The OneCollector backend rejected every batch with
`{"acc":0,"efi":{"InvalidEventFormat":"all"}}`. A live probe against
the production ingest narrowed the cause to two fields in the
envelope that are **not** part of the documented CS 4.0 extension
slots — either field on its own is enough to flip the whole batch
from `acc:1` to `InvalidEventFormat: all`:

| envelope field | CS 4.0 status |

|-----------------------|--------------------------------------------------------------|
| `ext.os.release` | not documented (`ext.os` keys: `name`, `ver`,
`bootId`) |
| `ext.app.initTs` | not documented (`ext.app` keys: `name`, `ver`,
`id`, `iid`, `expId`, `userId`, `sesId`, `env`, `asId`, `locale`, `tz`)
|

`ext.app.initTs` is rejected for every value type (float, int, ISO
8601 string), so this is the **field name** being unknown to the
schema, not a type mismatch.

The previous `acc:1` validation in #456 happened to use a minimal
envelope (no `ext`), so the bad fields never reached the wire.
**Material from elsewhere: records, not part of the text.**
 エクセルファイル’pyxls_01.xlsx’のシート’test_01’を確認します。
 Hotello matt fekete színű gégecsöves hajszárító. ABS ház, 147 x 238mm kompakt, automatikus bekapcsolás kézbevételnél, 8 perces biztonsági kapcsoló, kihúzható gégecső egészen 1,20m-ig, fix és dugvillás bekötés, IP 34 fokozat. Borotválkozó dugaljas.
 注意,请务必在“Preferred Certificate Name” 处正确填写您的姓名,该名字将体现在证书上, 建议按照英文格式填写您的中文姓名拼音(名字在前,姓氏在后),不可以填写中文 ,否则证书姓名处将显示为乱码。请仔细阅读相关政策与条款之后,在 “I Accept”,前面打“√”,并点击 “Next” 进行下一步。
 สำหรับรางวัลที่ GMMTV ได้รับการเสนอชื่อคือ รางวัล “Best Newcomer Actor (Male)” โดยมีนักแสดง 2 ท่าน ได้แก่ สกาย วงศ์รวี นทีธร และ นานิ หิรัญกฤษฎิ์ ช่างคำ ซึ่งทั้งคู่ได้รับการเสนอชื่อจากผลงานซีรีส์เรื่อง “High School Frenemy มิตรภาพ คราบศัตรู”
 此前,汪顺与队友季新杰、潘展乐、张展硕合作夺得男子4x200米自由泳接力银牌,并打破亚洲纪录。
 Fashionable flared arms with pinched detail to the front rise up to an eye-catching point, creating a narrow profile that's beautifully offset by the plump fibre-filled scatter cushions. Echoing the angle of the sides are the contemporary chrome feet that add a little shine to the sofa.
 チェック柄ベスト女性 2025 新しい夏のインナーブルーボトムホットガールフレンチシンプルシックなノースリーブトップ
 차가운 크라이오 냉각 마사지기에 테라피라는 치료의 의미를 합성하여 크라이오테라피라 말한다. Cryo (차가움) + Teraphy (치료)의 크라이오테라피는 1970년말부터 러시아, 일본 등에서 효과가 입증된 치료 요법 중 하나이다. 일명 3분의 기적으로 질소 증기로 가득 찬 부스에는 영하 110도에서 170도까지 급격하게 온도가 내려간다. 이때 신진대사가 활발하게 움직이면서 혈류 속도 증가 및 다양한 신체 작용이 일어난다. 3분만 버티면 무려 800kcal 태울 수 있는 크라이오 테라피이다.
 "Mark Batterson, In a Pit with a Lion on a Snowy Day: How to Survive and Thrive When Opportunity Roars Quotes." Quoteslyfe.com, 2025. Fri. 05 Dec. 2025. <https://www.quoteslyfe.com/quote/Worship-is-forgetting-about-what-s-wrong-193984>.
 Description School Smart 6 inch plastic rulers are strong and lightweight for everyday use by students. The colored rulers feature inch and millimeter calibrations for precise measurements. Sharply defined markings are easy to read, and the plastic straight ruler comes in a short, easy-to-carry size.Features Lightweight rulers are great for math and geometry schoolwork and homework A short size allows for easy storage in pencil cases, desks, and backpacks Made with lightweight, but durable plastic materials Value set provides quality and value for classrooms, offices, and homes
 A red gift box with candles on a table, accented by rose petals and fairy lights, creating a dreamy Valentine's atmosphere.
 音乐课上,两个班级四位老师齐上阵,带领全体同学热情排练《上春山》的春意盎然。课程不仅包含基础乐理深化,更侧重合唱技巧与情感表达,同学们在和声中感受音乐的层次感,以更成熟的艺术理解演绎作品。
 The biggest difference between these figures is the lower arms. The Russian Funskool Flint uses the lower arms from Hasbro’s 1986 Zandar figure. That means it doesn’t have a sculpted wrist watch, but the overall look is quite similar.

The
existing unit tests asserted the envelope shape but never validated
it against the live backend, so the regression slipped through.

## Fix

- `_resource_to_ext()` no longer maps `os.release → ext.os.release`
  or `initTs → ext.app.initTs`.
- `_build_resource()` no longer puts those attributes in the
  Resource at all; the `_init_ts` instance attribute is dropped too
  (it was only read by the now-removed mapping).
- The "translates resource to ext" unit test is updated to assert
the trimmed envelope, plus a new
`test_export_omits_undocumented_cs40_ext_fields`
  fails fast if anyone re-introduces either mapping.

## Probe log (production ingest, masked)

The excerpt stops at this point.